Agricultural injuries are increasing in South Korea according to its workforce's reduced size and increased age. Available data are insufficient to exactly understand present situation. This study evaluated the patterns and characteristics of agricultural injury and assessed the injury rates.

Methods

We analyzed the entry and compensation data compiled in 2005 by the Safety Aid System of Farm Workers, South Korea's government insurance for agricultural injury. We examined the general characteristics, rates, and mortality of agricultural injury.

Results

There were 11,931 compensated events, including 219 compensated deaths.

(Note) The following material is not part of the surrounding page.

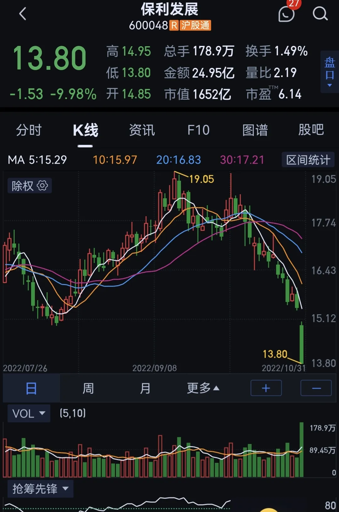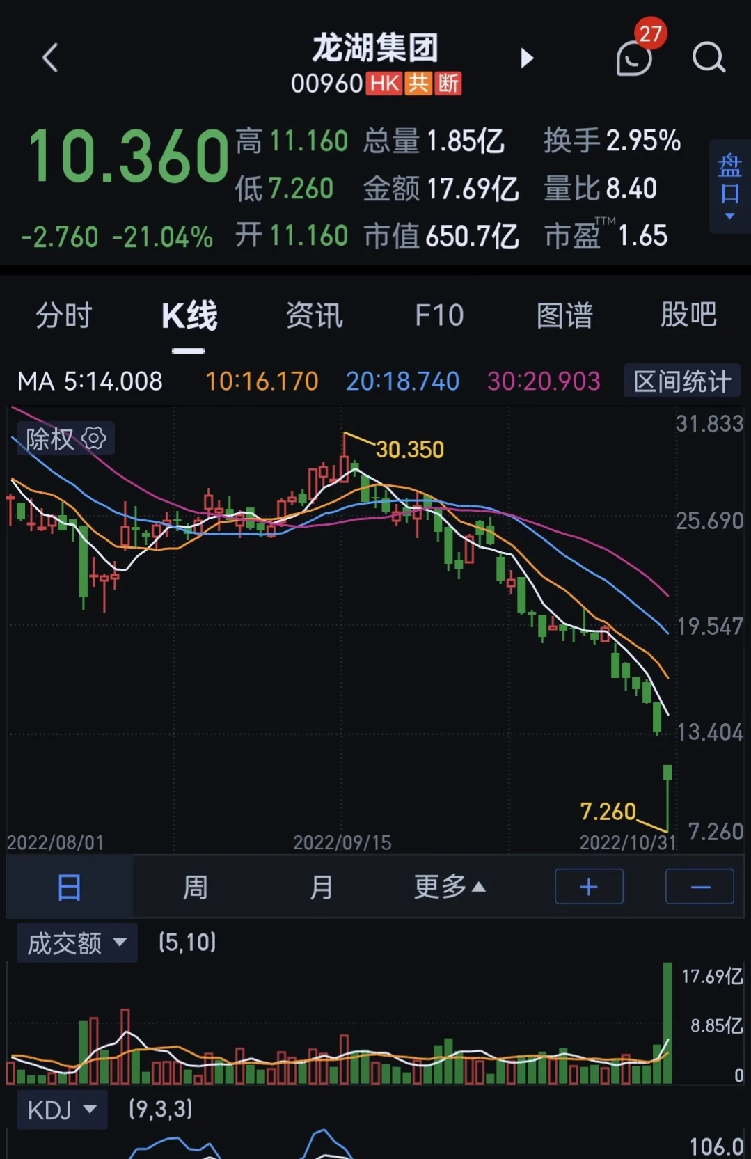 地产崩了,千亿市值的保利发展(600048)跌停,万科也没好到哪去,连续下跌后,今日再次大跌5.72%,更有港股龙湖集团,当日最大跌幅达44%,地产股可谓哀鸿遍野,投资者真的是上天无路,哭地无门。

Farm injuries occurred most frequently in October, and most injuries were unintentional. The incidence and fatality rates were 16.67 per 1,000 person-years and 30.59 per 100,000 person-years, respectively. Most number of agricultural injuries occurred in October. The most common cause of deaths was accidents caused by machinery use (35.64%) for males and other transport accidents (23.53%) for females, while the most common cause of injuries for females was falls (45.39%). Incidence and mortality rate of agricultural injuries were higher in elders.

Conclusions

Although injury rates may have been underestimated owing to data limitations, we are confident that South Korea's rate is higher than those seen in other countries or occupations. Am. J. Ind. Med. 55:76–83, 2012. © 2011 Wiley Periodicals, Inc.